What this task involves
For the data below, give again exactly the lines from the one containing "QF V8 롤렉스 데이데이트40" through the one containing "his tea bag.", both ends included, and no others.

Supplied material
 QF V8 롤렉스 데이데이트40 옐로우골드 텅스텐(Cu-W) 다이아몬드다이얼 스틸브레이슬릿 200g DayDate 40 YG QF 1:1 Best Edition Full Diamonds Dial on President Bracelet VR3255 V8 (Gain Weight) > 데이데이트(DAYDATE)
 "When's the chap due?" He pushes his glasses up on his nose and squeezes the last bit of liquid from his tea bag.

* * *

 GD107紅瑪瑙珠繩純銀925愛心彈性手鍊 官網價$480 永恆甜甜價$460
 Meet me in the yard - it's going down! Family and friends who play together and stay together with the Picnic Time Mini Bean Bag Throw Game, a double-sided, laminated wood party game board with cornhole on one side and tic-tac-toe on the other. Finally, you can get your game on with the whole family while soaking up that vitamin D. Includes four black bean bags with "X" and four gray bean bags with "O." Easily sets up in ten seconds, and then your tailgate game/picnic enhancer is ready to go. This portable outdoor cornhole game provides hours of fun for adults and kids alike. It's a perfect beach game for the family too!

Response box
 QF V8 롤렉스 데이데이트40 옐로우골드 텅스텐(Cu-W) 다이아몬드다이얼 스틸브레이슬릿 200g DayDate 40 YG QF 1:1 Best Edition Full Diamonds Dial on President Bracelet VR3255 V8 (Gain Weight) > 데이데이트(DAYDATE)
 "When's the chap due?" He pushes his glasses up on his nose and squeezes the last bit of liquid from his tea bag.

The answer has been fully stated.